Unlike the vanilla TTA, which only considers data variation, our method extends data augmentation to the training phase, factoring in both data and model variations. While this increases the computational cost, it provides a more robust uncertainty estimation for TSR models. When applying our pipeline to datasets without ground truth labels, pre-fine-tuned models can be used, requiring only test-time augmentation.

Our approach is versatile and can be applied to various TSR models, ensuring that the model remains invariant to different table types through data augmentation. However, the study has limitations. The absence of ground truth data restricts our ability to accurately assess uncertainties. Although pixel intensity and adjacency degree served as proxies for predicting uncertainties, real-world data may present more complex scenarios. Ground truth data could be improved by incorporating human corrections of automatic annotations by TSR models. Additionally, our table image augmentation techniques might not capture the full range of variations found in table images. This limitation could be addressed by developing a comprehensive library of heuristics for image modification or creating a corpus of artificially synthesized tables.

Acknowledgment

I would like to acknowledge Leizhen Zhang for running key experiments crucial to our published paper and express my gratitude to Dr. Yi He for co-advising me alongside my advisor, Dr.
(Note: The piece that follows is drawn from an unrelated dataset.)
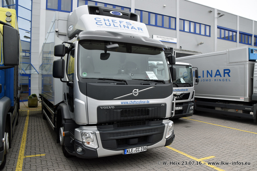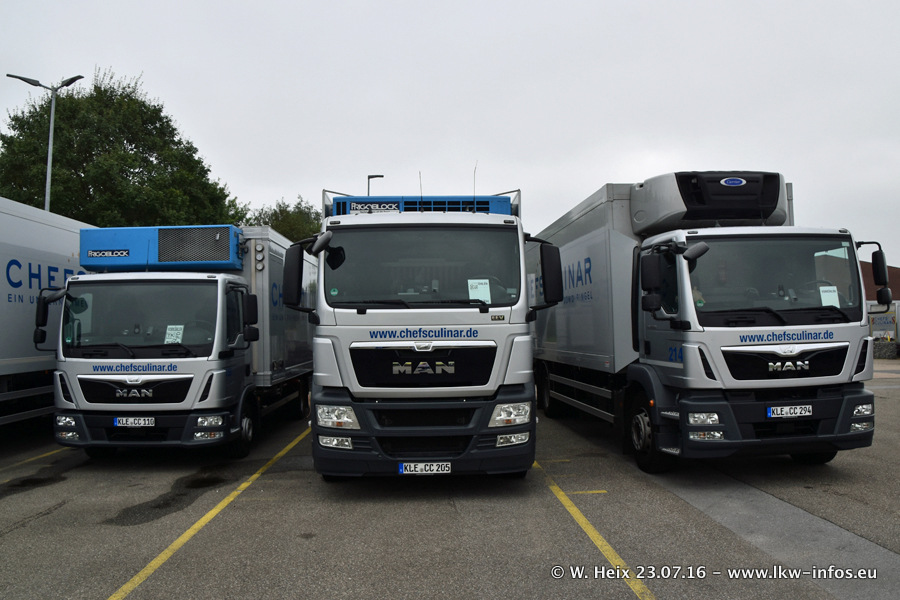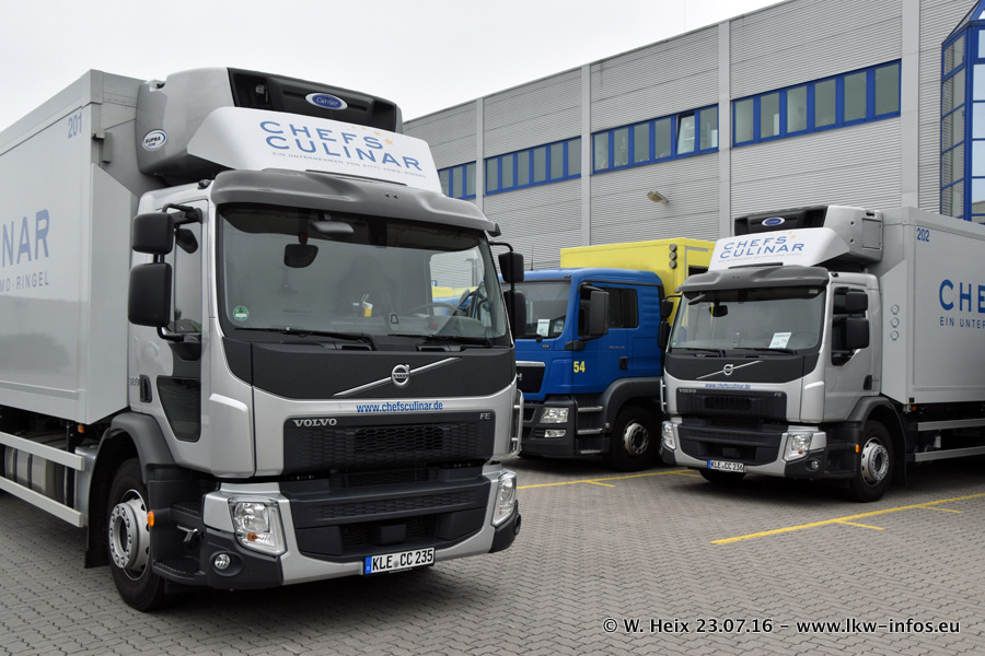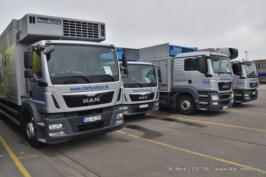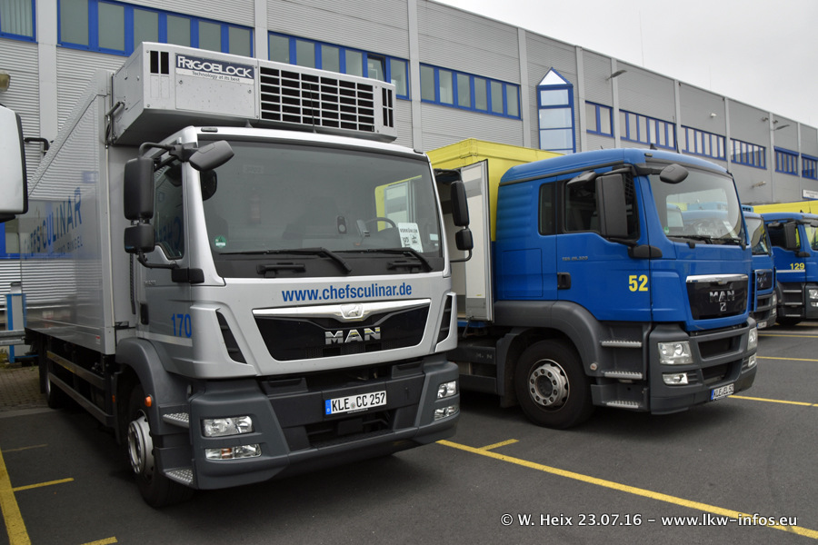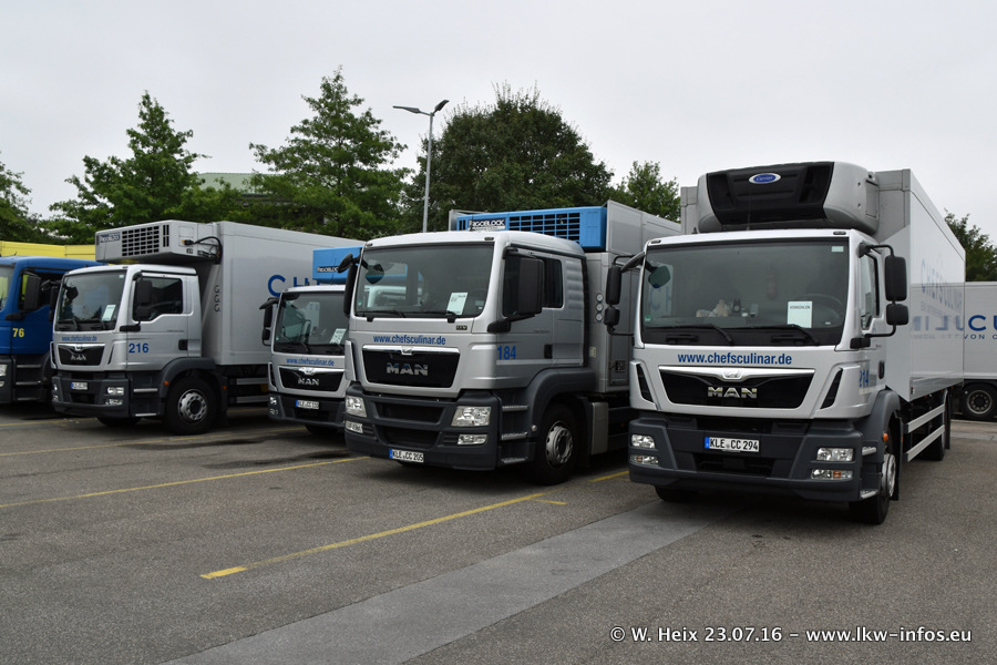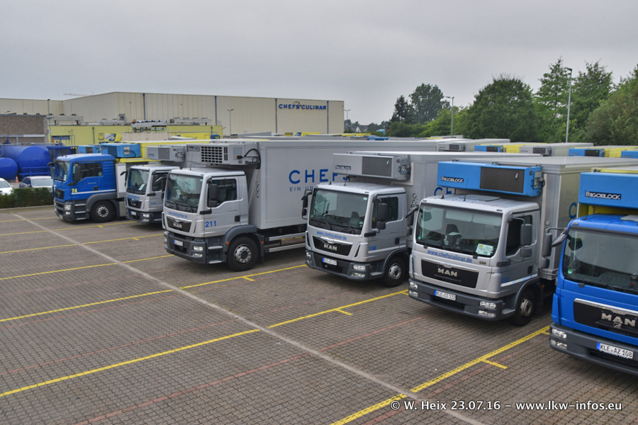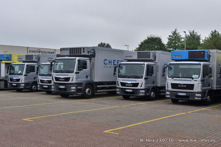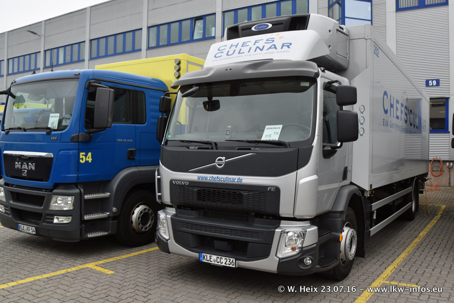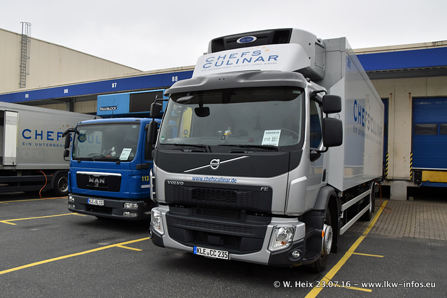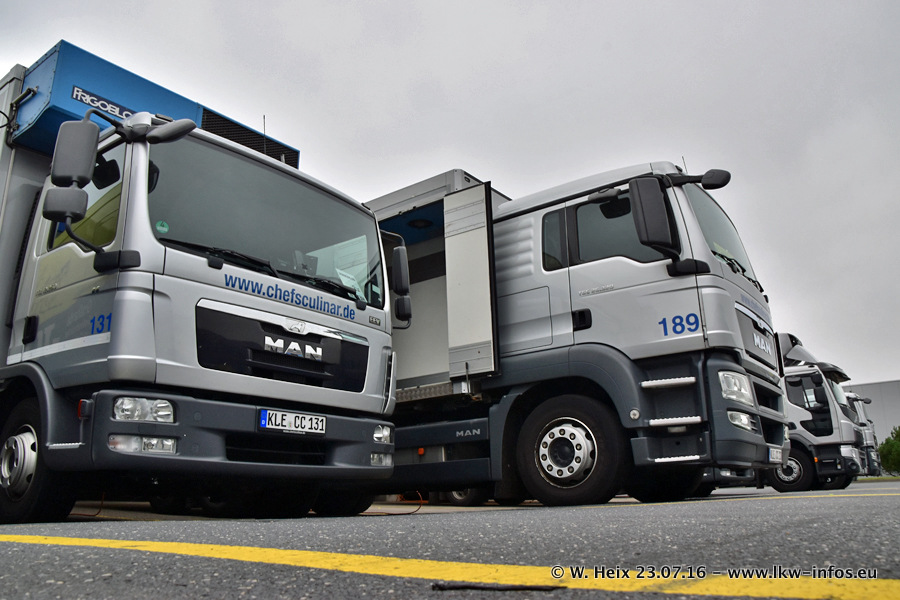 Inzwischen besteht der Fuhrpark rund zur Hälfte aus LKW im neuen Design "Chefs Culinar". Bei meinem letzten Besuch im April 2014 waren die ersten rund 10-12 LKW im neuen Design im Fuhrpark. Seit ca. 3 Monaten gibt es neben den ganzen LKW von MAN auch die ersten Volvo. Das sind Fahrzeuge der Baureihen FE und FM. Bei den kleinen Kühlahrzeugen unter 7,49 t, die von Iveco sind, gibt es inzwischen den ersten Daily der aktuellen Baureihe. Von den rund 120 Fahrzeugen am Standort Weeze war der größte Teil "zuhause".

Jian Wu throughout this work.

[1] K. Ajayi, L. Zhang, Y. He, and J. Wu, "Uncertainty Quantification in Table Structure Recognition" 2024 IEEE International Conference on Information Reuse and Integration for Data Science, 2024.

[2] D. Prasad, A. Gadpal, K. Kapadni, M. Visave, and K. Sultanpure, "CascadeTabNet: An approach for end to end table detection and structure recognition from image-based documents" in Proceedings of the IEEE/CVF conference on computer vision and pattern recognition workshops, 2020, pp. 572–573.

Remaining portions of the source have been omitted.